Agreed — gig XP award timing: only the main gig earns gig XP from combat (and any other gig-level awards). The sub-gig earns no XP toward its own progression while equipped as sub—it only reads its stored level for ability unlocks. To level a gig you ran as sub, swap it to main at a hub and play with it primary. UI should make clear that gig XP (bars, flytext) applies to main only.
Open:
- Curves: same philosophy as skills (soft feel, more XP per level)—per-gig tables vs global template TBD.
- Mastery/perks on gigs vs flat level gates—open (E2.M3-style expression).
Hub swap
Agreed: no on-the-fly swap.
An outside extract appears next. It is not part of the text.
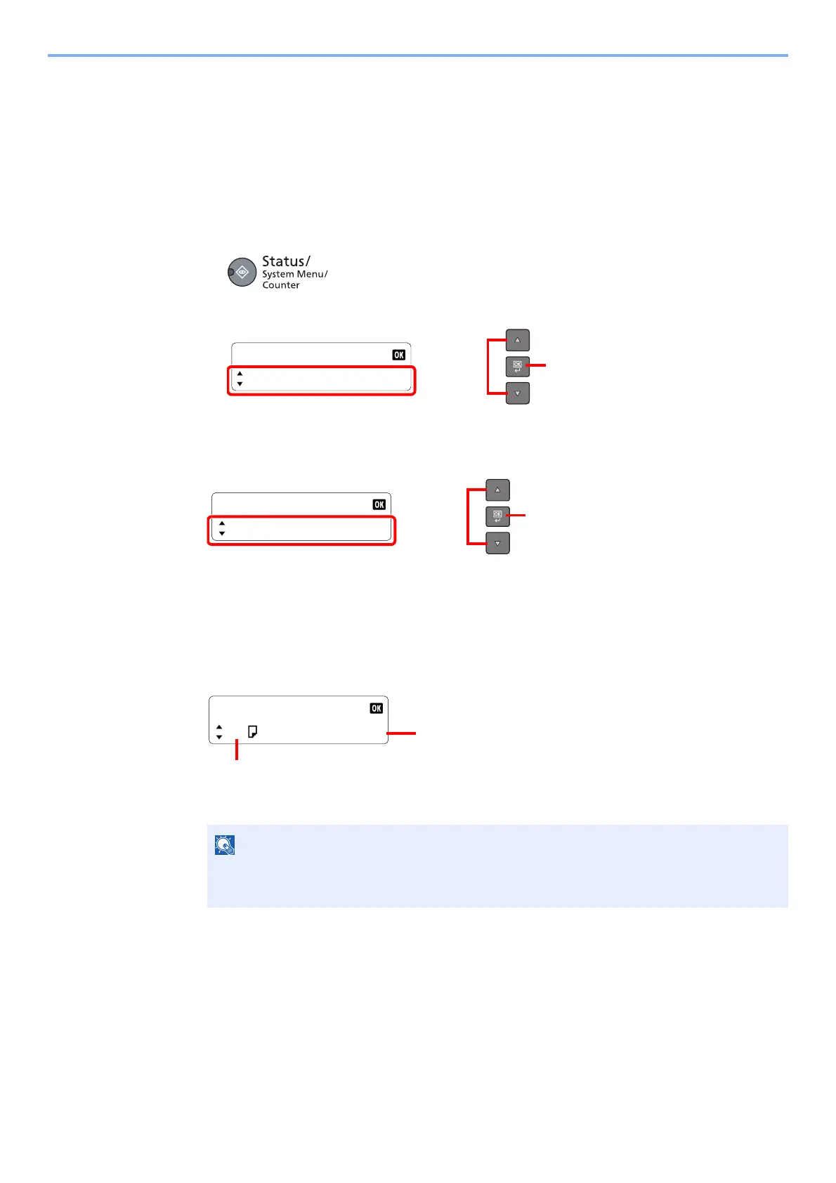 Press the [▲] or [▼] key to select [Toner Status] or [Paper Status], and press the [OK] key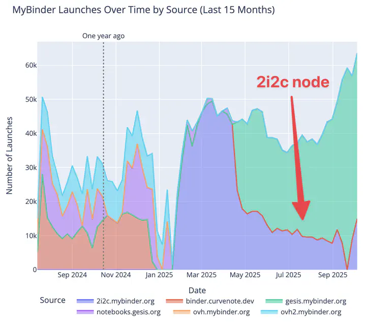 In Q3 of 2025, 2i2c.mybinder.org launched 118,083 reproducible sessions. We experienced a typical summer dip in sessions, had to

Changing main gig, sub-gig, or both only at a safe hub—city, home base, or other data-tagged swap site. Not in the field, not mid-combat.
Open:
- Which locations qualify (faction terminals, apartments, guild halls, etc.).
- Fees, rep gates, cooldowns, tutorial exceptions.
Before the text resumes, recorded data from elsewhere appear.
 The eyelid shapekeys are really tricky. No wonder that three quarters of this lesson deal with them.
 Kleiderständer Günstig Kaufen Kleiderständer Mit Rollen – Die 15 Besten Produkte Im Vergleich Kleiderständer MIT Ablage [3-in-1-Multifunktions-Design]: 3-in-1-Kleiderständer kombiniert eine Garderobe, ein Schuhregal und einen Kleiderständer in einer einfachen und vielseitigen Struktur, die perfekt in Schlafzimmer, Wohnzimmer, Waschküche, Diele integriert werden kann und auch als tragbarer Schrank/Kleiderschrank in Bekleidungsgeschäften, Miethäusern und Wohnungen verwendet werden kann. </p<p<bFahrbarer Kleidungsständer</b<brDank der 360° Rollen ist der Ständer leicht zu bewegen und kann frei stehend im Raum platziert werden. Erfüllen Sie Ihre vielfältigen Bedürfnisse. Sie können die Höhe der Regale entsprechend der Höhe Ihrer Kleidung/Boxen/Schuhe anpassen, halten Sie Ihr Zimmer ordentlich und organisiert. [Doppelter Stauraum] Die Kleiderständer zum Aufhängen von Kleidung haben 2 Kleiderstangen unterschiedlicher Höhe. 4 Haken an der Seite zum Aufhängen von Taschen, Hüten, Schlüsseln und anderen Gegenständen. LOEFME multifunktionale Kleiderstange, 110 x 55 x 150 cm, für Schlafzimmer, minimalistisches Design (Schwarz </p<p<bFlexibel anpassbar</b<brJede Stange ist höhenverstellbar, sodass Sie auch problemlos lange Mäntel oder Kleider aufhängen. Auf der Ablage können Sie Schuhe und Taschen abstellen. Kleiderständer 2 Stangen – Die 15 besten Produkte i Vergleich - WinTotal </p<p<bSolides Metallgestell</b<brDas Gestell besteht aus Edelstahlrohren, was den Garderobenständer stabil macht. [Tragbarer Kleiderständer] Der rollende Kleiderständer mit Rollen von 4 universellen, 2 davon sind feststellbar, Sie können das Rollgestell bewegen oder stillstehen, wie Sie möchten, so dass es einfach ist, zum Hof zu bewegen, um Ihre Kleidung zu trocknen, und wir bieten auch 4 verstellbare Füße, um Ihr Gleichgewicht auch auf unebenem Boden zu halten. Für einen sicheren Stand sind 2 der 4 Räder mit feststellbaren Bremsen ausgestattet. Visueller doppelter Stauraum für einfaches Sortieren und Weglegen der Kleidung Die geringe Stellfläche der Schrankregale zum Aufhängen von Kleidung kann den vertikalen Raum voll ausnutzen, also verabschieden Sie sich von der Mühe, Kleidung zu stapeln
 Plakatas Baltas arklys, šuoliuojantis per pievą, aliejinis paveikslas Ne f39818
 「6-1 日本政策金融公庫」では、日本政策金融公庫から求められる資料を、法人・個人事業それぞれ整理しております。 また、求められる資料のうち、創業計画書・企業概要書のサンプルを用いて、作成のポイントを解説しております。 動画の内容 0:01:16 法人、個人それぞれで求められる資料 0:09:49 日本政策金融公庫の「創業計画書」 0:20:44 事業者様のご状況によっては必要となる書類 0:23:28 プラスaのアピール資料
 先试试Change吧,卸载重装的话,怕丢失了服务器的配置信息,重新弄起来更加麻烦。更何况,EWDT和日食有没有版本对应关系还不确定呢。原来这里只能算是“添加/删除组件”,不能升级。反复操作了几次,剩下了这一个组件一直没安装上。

- Loadout UX after swap: auto-unequip invalid combat gear vs player-managed presets per gig pair.
- Party: what happens if someone swaps while grouped—open (session lock vs free swap at hub).
Party, encounters, and recruitment
Earlier drafts implied a dedicated LFG UI (tags, filters). That is not decided. Players might use chat only (zone, guild, party ads), a future matchmaking tool, or a hybrid (e.g. hub board + chat).
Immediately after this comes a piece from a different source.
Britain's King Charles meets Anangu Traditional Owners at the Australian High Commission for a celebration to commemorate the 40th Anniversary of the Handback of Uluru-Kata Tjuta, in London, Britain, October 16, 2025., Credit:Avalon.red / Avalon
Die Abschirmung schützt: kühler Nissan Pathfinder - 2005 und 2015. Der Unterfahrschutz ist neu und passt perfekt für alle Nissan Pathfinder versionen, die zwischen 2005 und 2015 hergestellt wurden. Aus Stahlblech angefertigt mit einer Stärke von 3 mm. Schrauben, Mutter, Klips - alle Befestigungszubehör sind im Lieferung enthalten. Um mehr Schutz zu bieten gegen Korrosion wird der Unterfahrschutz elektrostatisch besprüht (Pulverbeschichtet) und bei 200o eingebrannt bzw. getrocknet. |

Design intent (UI-agnostic): gigs still give shared vocabulary—“need mitigation,” “need cleanse,” “LF damage”—whether typed in chat or, later, picked from a structured browser. Encounter and scaling design can reason about niches without assuming any specific recruitment feature ships.
Recruitment channel — deferred: whether we ship chat-only, a built-in LFG/matchmaking tool, or a hybrid is not something to lock now. Revisit once social, zone, and session vision are further along; the conditional LFG design below stays ready if we build a tool.
If we ship an LFG-style tool (common in modern MMOs)—agreed direction, conditional on building it:
- Listings and search are niche / archetype oriented (mitigation, heal, damage, control, etc.)—not raw gig names as the primary filter.
- Eligibility: the game (or data rules) decides whether your current gig + loadout (main/sub, gear, etc.—exact inputs TBD) qualifies you to advertise under each niche. If you qualify for several, you may select multiple niches for your listing—player discretion among what you’re allowed, not forced single pick.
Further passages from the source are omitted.